Maybe it was a bit of both. It is certain that the vulnerability is there: the plain of the Ganges, the back wall of the Himalayas to try a high pressure cell; also, the dense population, and the stressed electrical network. It could lead to disaster. I don’t think this is news to anyone paying attention. But just as important to me was the positive idea of ​​India as a rising superpower. Along with China, it is one of the super-giant countries that are crucial for the human history of this century.

The book brings out a national quality that I had lost sight of in recent years: India’s progressive and proactive interest and its creative role in the world. Did this cultural and historical heritage guide your writing?

Yes they have. Since my college days in the early 1970s, I have read and practiced to some extent a California form of Buddhism. It’s a long road that ultimately leads to India. And I’m a close student of Henry David Thoreau – he was one of the first Americans to learn Indian philosophy, and it’s good that he also had an influence on Gandhi.

Of course, it is difficult, if not impossible, to speak of other countries with discernment; they are still so complex that even the citizens of this country cannot keep a good track of everything that is going on. America, for example, is now an incomprehensible mess; but with great hope for better times. But no matter which party is in government, they will all have to join in this effort or they will suffer. And the closer we get to the equator, the sooner the suffering will begin.

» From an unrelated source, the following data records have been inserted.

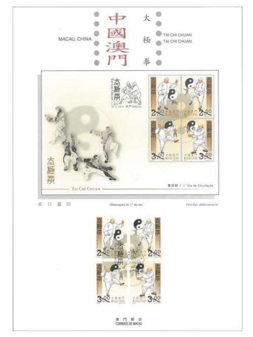 太极拳是中华武术中的瑰宝,亦是全民科学健身的重要运动项目之一。澳门邮政于二零一五年十一月三十日以『太极拳』为题发行新邮品,是次发行包括一套四枚邮票,邮票图案展示了太极拳的招式动作“左云手”、“右野马分鬃”、“左分脚”及“肘底看捶”。
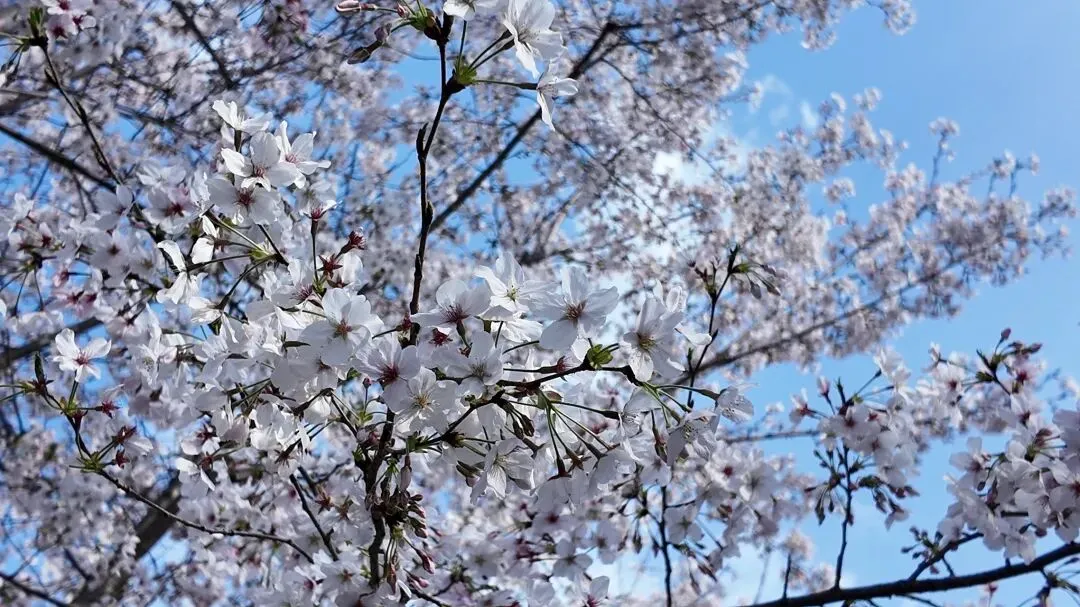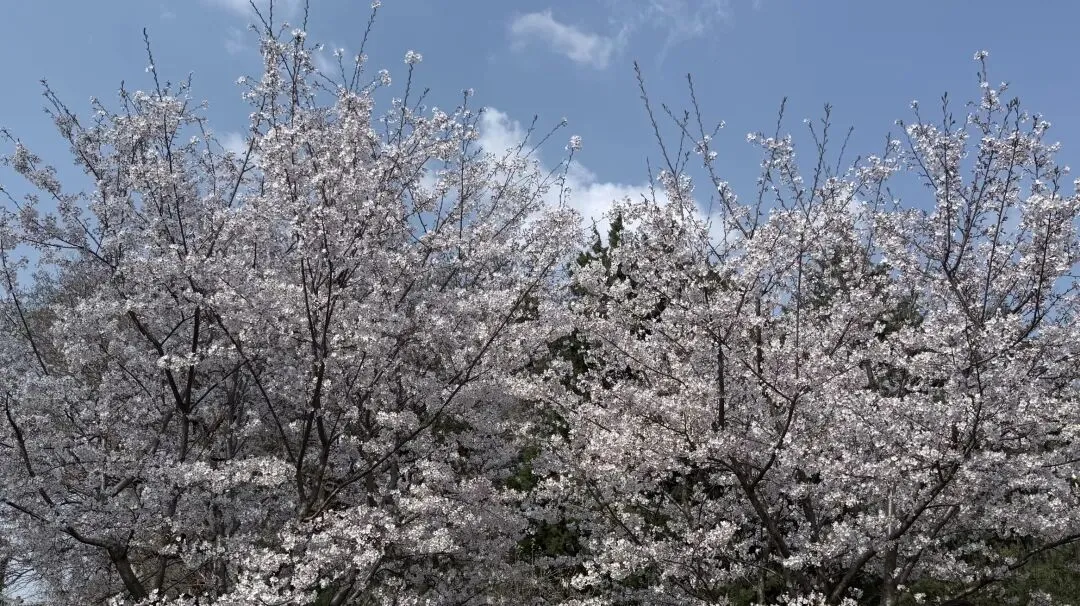 在淡蓝色天幕之下,粉白的花瓣令人沉醉。春晓深觉,这样的画面一瞬就注入心田。
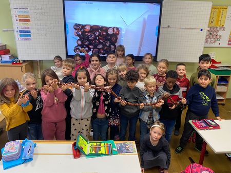 Die zweiten Klassen erkunden den Zahlenraum bis 100. Eine Schülerin hat die Klasse mit Kastanien versorgt und nun wurde daraus eine 100er-Kette gebastelt.
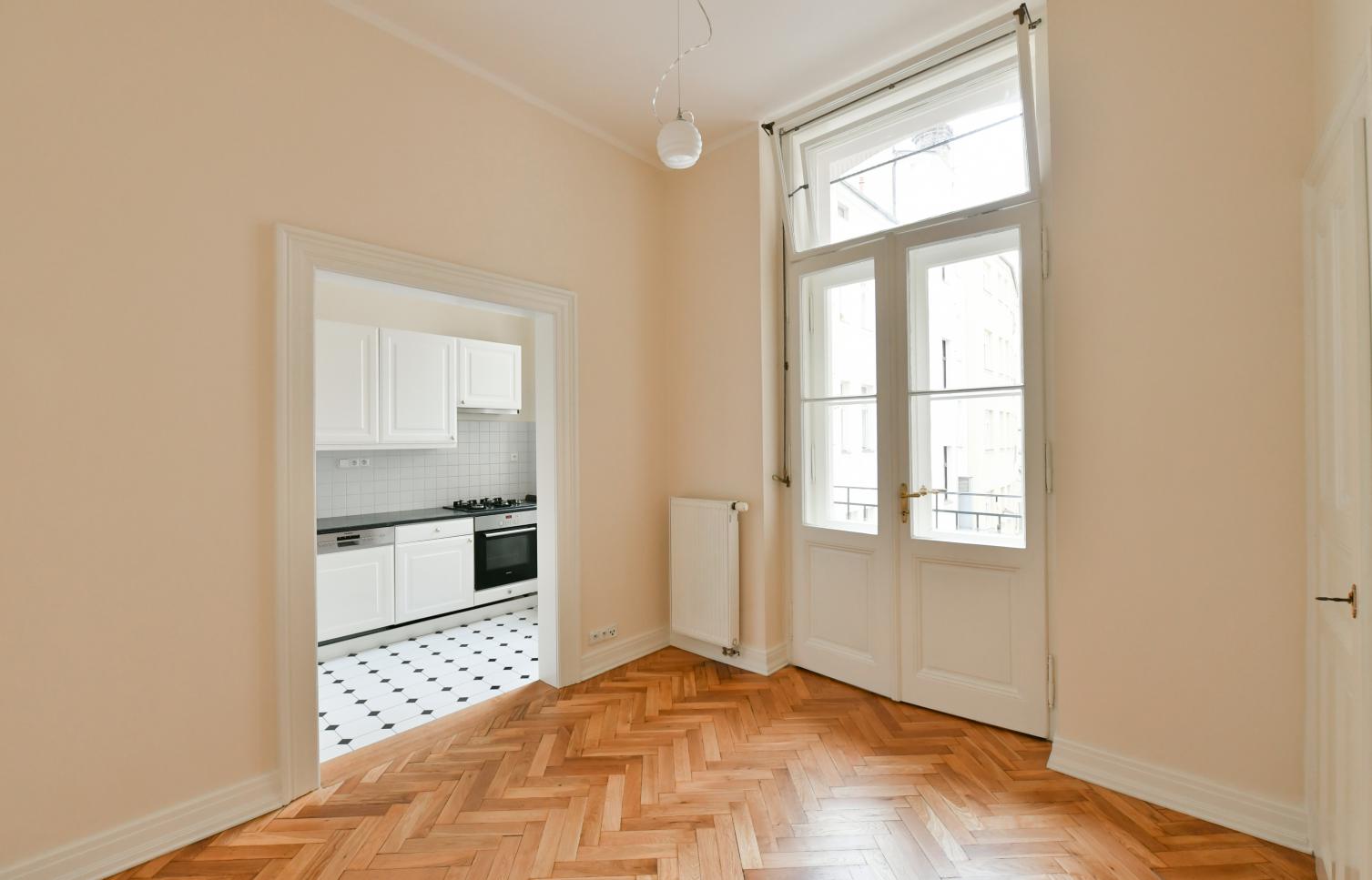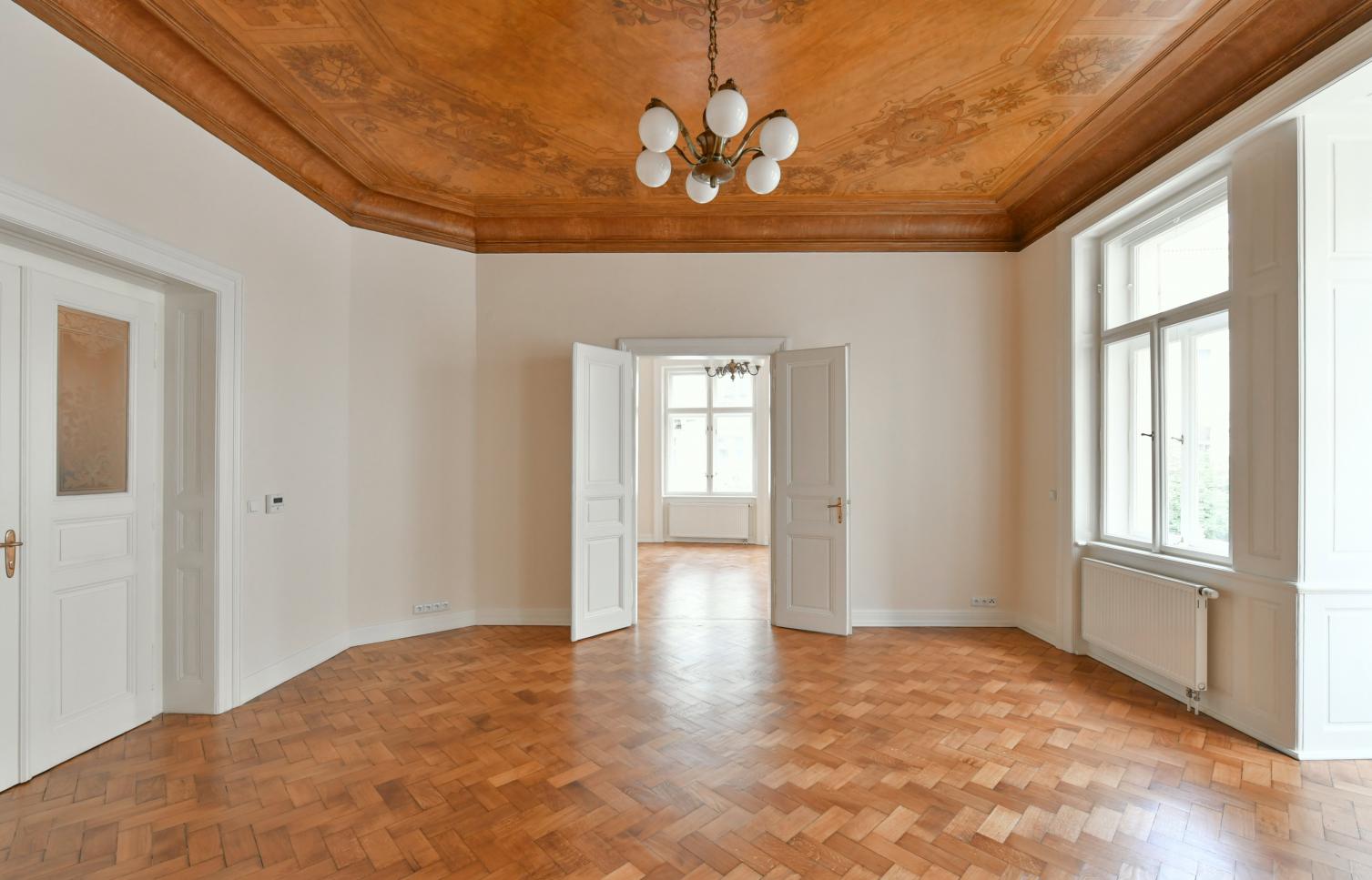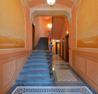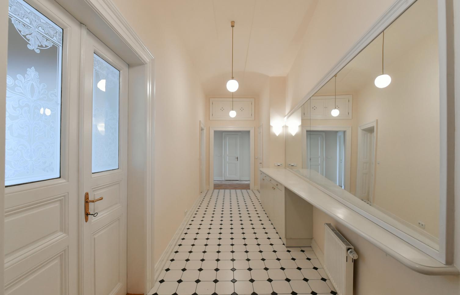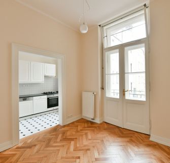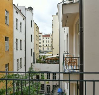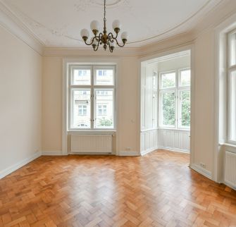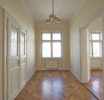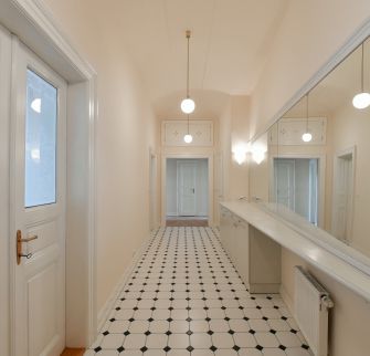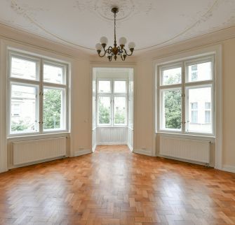 Byt 5+1 o velikosti 151 m2 se dvěma balkony je situován ve 3. patře secesní budovy s výtahem. Interiér bytu nabízí prostorný obývací pokoj s arkýřem, 3 ložnice, koupelnu s vanou, toaletou a bidetem, kuchyni s jídelním koutem (vstup na druhý balkon), tech. místnost a vstupní halu.
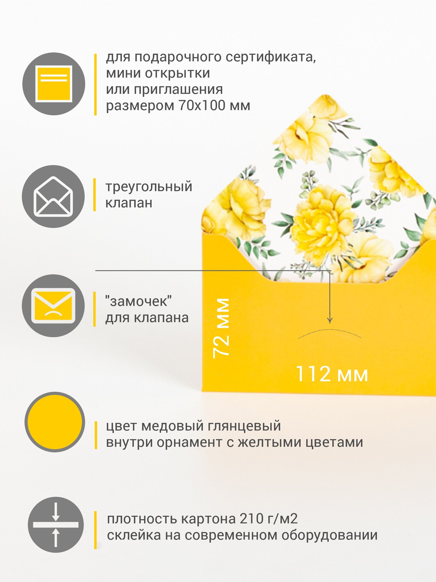 Подарочные картонные конверты мини C7 7х11 см, цвет медовый 10 шт. информация:

The political changes you write for India suggest that histrionic nationalism is a serious obstacle to climate action. But the book also offers the prospect for countries – China, Russia, the United States and others – to view climate action as crucial to the national interest or national survival.

All national directorates are dedicated to defending the interests of their nation first; the world as a whole comes after that, if ever. It is a great danger in our time. What I think is that national leaders understand that the sooner their country’s policies and industries are green, the more they will have a relative advantage in the new technological world to come, if anyone is to survive.

In other words, dragging his heels and burning all possible fossil fuels, while other countries take a leap forward in developing green technologies, is a recipe for national failure. The boldest countries will be the most successful later in the 21st century. We cannot stress it enough: the first to go green will do his best afterwards.

I’m curious how you did the research to visualize India’s redemptive future.

It was mostly reading, which I do for many hours every day. In addition, help from acquaintances in the world of technology, who read the manuscript in the early versions. My reading of Indian history dates back to when I was writing The Years of Rice and Salt, an alternative history with a strong Indian component; this reading took place from 1998 to 2001. This reading led me to The Wonder That Was India, by AL Basham, and Autobiography of an Unknown Indian by Nirad Chaudhuri, and New History of India by Stanley Wolpert, among other books that I have kept from that time.

Over the years I have also read a lot about Kerala, Sikkim and Ladakh. I know these might not be the main line of Indian society today, but they illustrate the great variety that India displays politically and socially.

Have you been informed by any particular living characters? Vandana Shiva, for example, receives a cry.

I met Vandana Shiva at a conference in California in 1991, and she was very impressive. I still think she’s very important to farming practices and equality in general, but I don’t agree with her harsh views against genetically modified organisms – we’ve been modifying genes for as long as we’re humans, the methods do not. question; and we need it for the future; and that’s for sure. To complain about the implication of science in genetics is to confuse the good of science with the evil of capitalism. Coming back to the positive, she has been a huge force for good for most of her career.

Finally, I want to say a word for Indian science fiction, with the idea that every culture needs a vision of its future to be complete. The stronger Indian science fiction, the better its vision for the future.